20. Whilst, as Ms Wilkins submitted, the further offences that the Appellant has committed in the succeeding years are not of sexual offences, they are nonetheless offences one of which resulted in a term of imprisonment. Bearing in mind the comments of Stanley Burnton LJ set out above, it is simply unarguable that the judge erred in his conclusion that the presumption that the Appellant presents a danger to the community had been made out.
21. I am satisfied that the judge erred in failing to consider the asylum claim and on that basis alone his decision did involve the making of an error of law. As no relevant findings were made this was clearly capable of affecting the outcome.

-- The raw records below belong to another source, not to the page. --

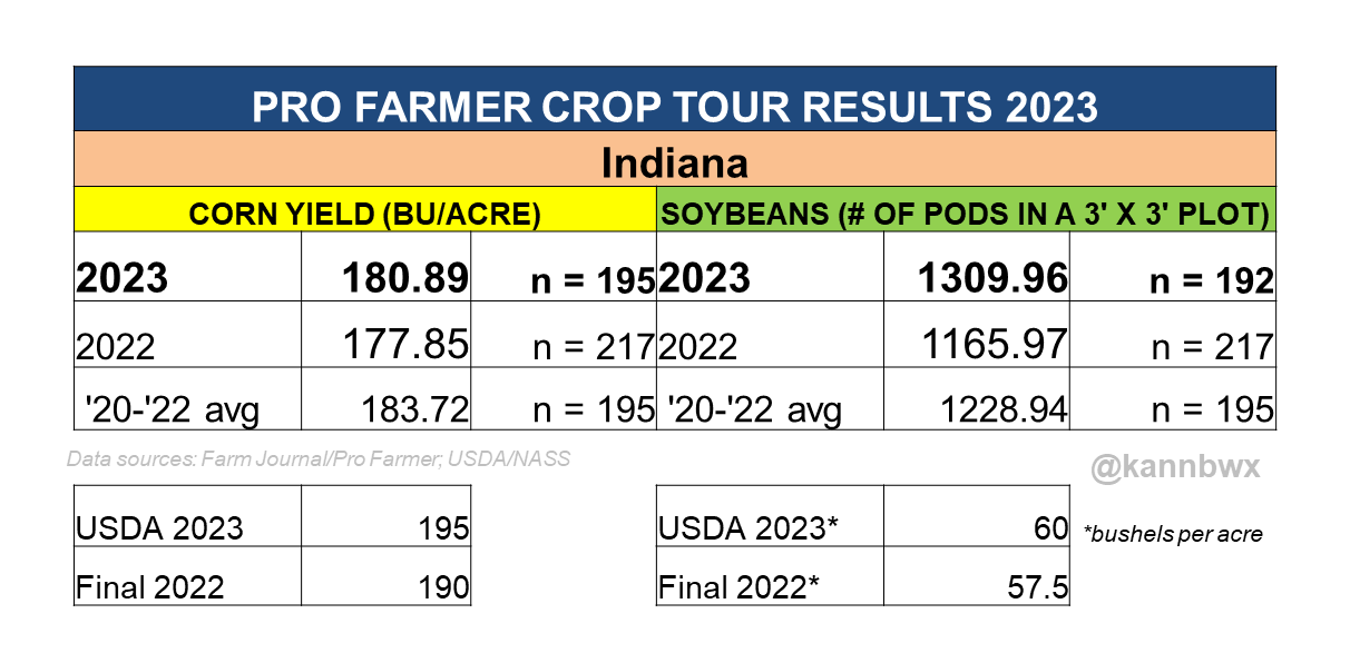 Indiana corn yield came in below average but also above last year's. However, their beans were solid, showing well above average pods.
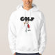 Ein Golf spielender Entwurf des niedlichen Strichmännchenmädchens, der "GOLF" auf Golf spielenden T - Shirts, Tassen, Karten, Hoodies, Aufklebern, Porto und anderen Golfkleider- und -geschenkeinzelteilen liest.
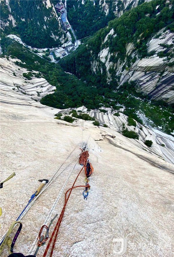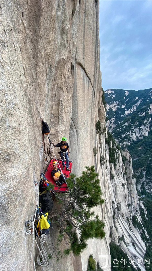 自然巖壁結(jié)組挑戰(zhàn)賽選手成功登頂。挑戰(zhàn)了華山白云峰六百多米的花崗巖大巖壁,并在巖壁上生活了兩天,不僅向大家展示了運(yùn)動員的專業(yè)攀巖技術(shù),更展示了超強(qiáng)的野外生存能力。
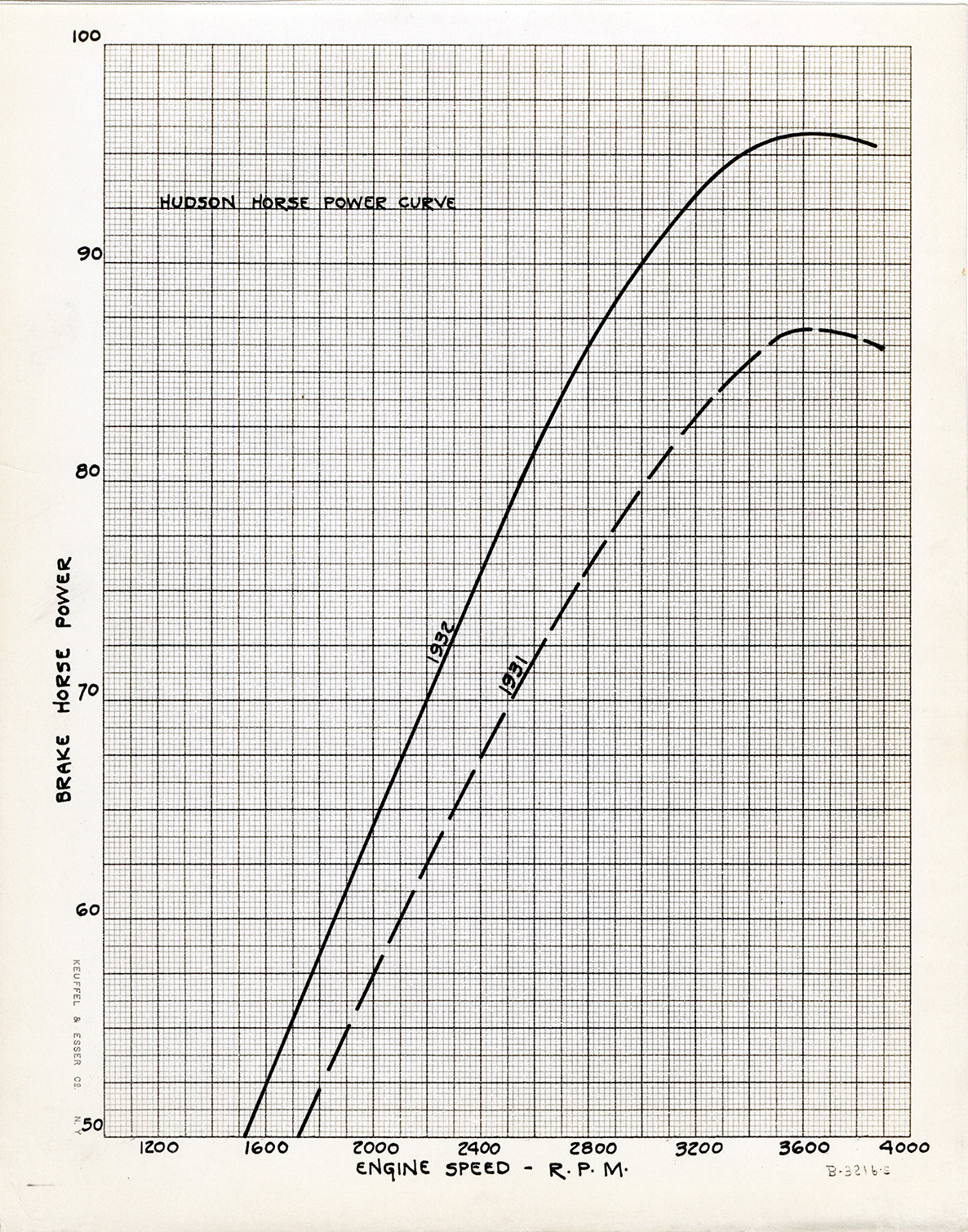 Favorite this☆ Power curve comparison for 1931 and 1932 Hudson automobiles Description: Power curve comparison for 1931 and 1932 Hudson cars. Handwritten on back: "Oct. 10/31. Copy negative of chart showing 1932 & 1931 Hudson horse power curve comparison." Details Resource ID: na046847 Subject: Horsepower Automobiles Hudson Motor Car Company Photographic prints Date Issued: 1931-10-10 Format: 1 photographic print mounted on fabric ; 10 x 8 in. Member of: National Automotive History Collection Filing Location: Hudson, 1932 #1 Rights: Physical rights are retained by DPL. Copyright is retained in accordance with U.S. copyright laws.
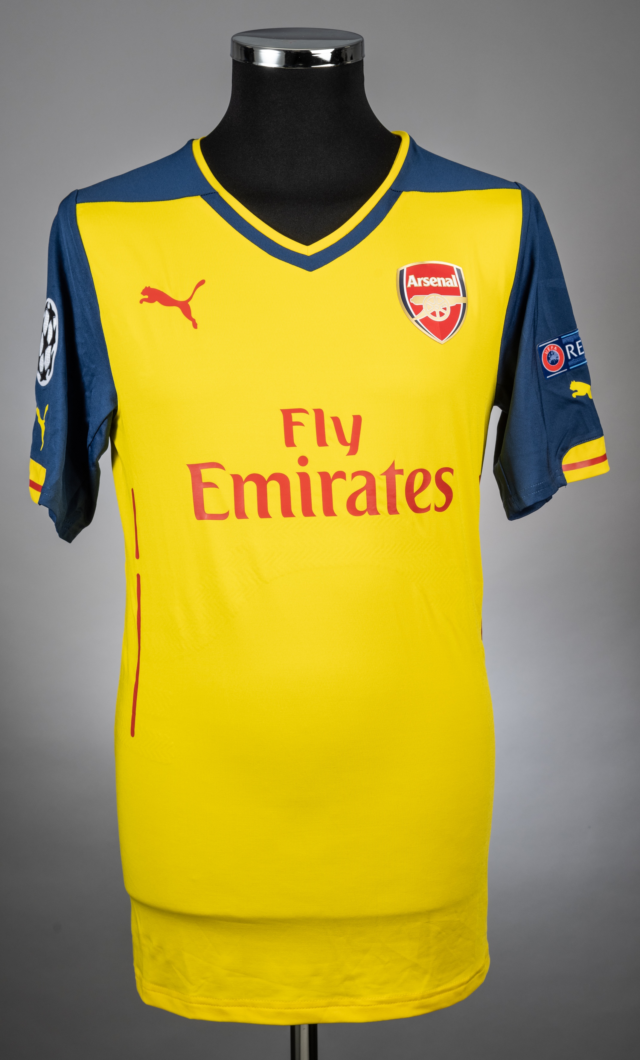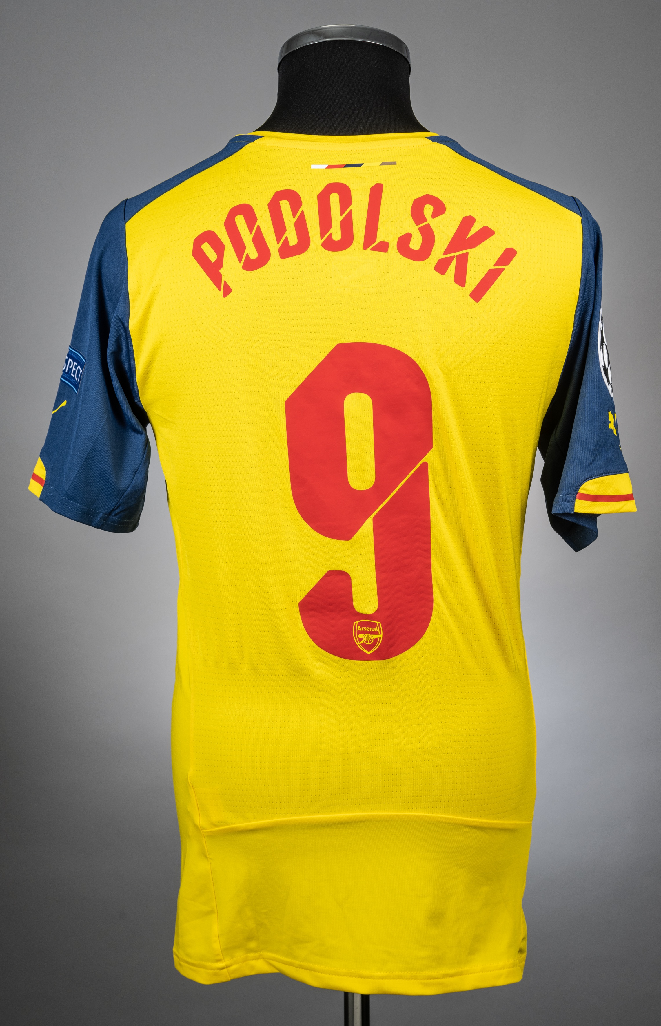 Lukas Podolski yellow and blue No.9 Champions League short-sleeved jersey, 2014-15, Puma, XL, with v-neck collar and badge inscribed Arsenal, the re
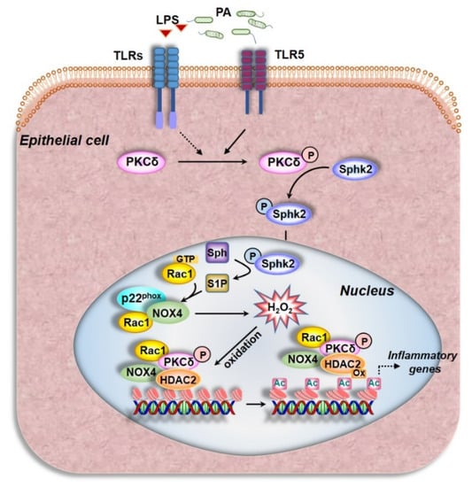 There is overwhelming evidence for intracellular ROS to play a pivotal role in signal transduction under normal physiology and induce oxidative stress in various human pathologies. Among the various sources of ROS, the NOX1–5 family has been shown to be involved in a wide variety of physiological and pathophysiological processes. While NOX1, 2, 3, and 5 generate superoxide, NOX4 produces predominantly hydrogen peroxide (H2O2), and is localized both in the cytosolic compartment and nucleus of the lung epithelial cell. Our findings collectively show a novel role for PA-induced PKC δ→SPHK2→RAC1→NOX4 activation and nuclear ROS generation. Further, the nuclear ROS modulates H3 and H4 histone acetylation and chromatin remodeling by inhibiting HDAC1/2 activity via oxidation and regulates secretion of pro-inflammatory cytokines in the lung epithelium (Figure 9). Thus, NOX4 could be a potential therapeutic target in mitigating bacterial and other lung inflammatory injury.

22. Further, it is unclear whether any findings regarding the situation that the Appellant faces on return to Sierra Leone were found and these, whilst not determinative of any findings pursuant to Article 8, were matters that would need to be taken into consideration for a proper lawful consideration of those issues. In addition, given the decision of the Court of Appeal in YM (Uganda) v SSHD [2014] EWCA Civ 1292 which was not before Judge Cope, it is clear that the new provisions of the Immigration Rules in effect from 28 July 2014 should have been applied to this case.
23. Accordingly, for the reasons set out above I am satisfied that the decision of Judge Cope did involve the making of an error of law and it is set aside. I am satisfied that given the absence of any relevant findings pursuant to action to Article 3 and circumstances which the Appellant will find himself on return to Sierra Leone that it will be necessary for a substantial judicial fact finding exercise to be undertaken. It would in my view be artificial to preserve the findings in respect of Article 8 given that in particular the observations made in YM (Uganda). For that reason, I remit the matter to the First-tier. I make it clear that none of the findings of fact are preserved save for the finding that the Appellant has not rebutted the presumptions that he has been convicted of a particularly serious crime and constitutes a danger to the community.
Summary of Conclusion

1. The determination of First-tier Tribunal Judge Cope did involve the making of an error of law and I set it aside.

2. I remit the appeal to the First-tier Tribunal for a fresh findings of fact on all issues save for the finding that the Section 72 certificate has been upheld.